Out Feminist Writer Jill Johnston Dies
Jill Johnston, a Village Voice dance critic, free-form cultural columnist and author of the seminal feminist book Lesbian Nation: The Feminist Solution, has died at age 81.
An Associated Press story reported that Johnson died Sept. 18 following a stroke. She is survived by her wife, Ingrid Nyeboe. The couple lived in Connecticut, where marriage equality has been legal since 2008. The two had married in Denmark in 1993, but married once more in Connecticut last year.
A Sept. 21 obituary in the New York Times recalled that Johnston had been noted for her "avant-garde" writing style. Of her cultural beat with the Village Voice, Johnston later wrote, "I had a forum obviously set up for covering or perpetrating all manner of outrage," the New York Times article recalled.
Johnston's 1973 book Lesbian Nation called for feminists to separate themselves from male-driven social norms and from men themselves. In an interview, Johnston told the Gay and Lesbian Book Review that "a lesbian separatist position seemed the commonsensical position, especially since, conveniently, I was an L-person," the obituary reported. Two years before the publication of Lesbian Nation, Johnston proclaimed in a public address at Town Hall in Manhattan that "[A]ll women are lesbians." Johnston and two female friends illustrated this by embracing and then dropping to the floor together as a flustered Norman Mailer stood by.

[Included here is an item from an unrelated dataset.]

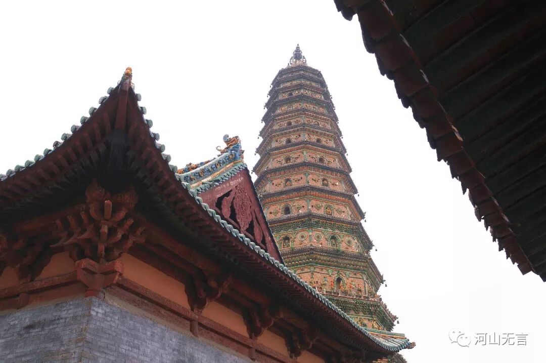 在对西太行太岳山的考察中,我还去了山西洪洞县境内的广胜寺,广胜寺分上下两寺,下寺位于太岳山麓,上寺位于太岳山西坡由石灰岩构成的山峦上,登临广胜寺上寺,听疾风林涛,览太岳雄峰、望汾河平原,让人心旷神怡。广胜寺最引人注目的,是挺立于上寺的琉璃佛塔—飞虹塔。该塔建于明代嘉靖六年(1527年),高47.31米,整个塔身用黄、绿、蓝三彩琉璃装饰,有斗拱、倚柱、佛像、菩萨、花卉、鸟兽等各种琉璃构件和图案,造型精巧,色泽鲜丽,与介休后土庙同为古代琉璃建筑艺术的代表作,只不过一用于道教,一用于佛教。而且由于非凡的建筑结构,在清康熙三十四年(1695年)的临汾盆地八级地震中,飞虹塔安然无恙。

According to the New York Times and to a Wikipedia article, Johnston was born in England but moved with her mother to the United States in infancy. Though in her youth Johnston long believed that her mother and father had divorced, she later learned that she had been born out of wedlock.
Johnston's website boasts numerous accolades for Johnston's career and writings. "It is quite possible that Jill Johnston is one of the most important, radical, and innovative writers of her time," a quote attributed to Gregory Battcock states. A snippet from The New York Review of Books praises Johnston's striking literary style, saying, "Johnston comes on like a flood, vivacious, mile-a-minute, with an uncontrollable eloquence."
"Someday, whenever the tangled histories of the interdisciplinary sixties art scene, of new journalism and experimental female/feminist autobiographical writing, or of lesbians and the avant-garde, get written, Jill Johnston's life and work will receive key billing," reads a quote attributed to Liz Kotz.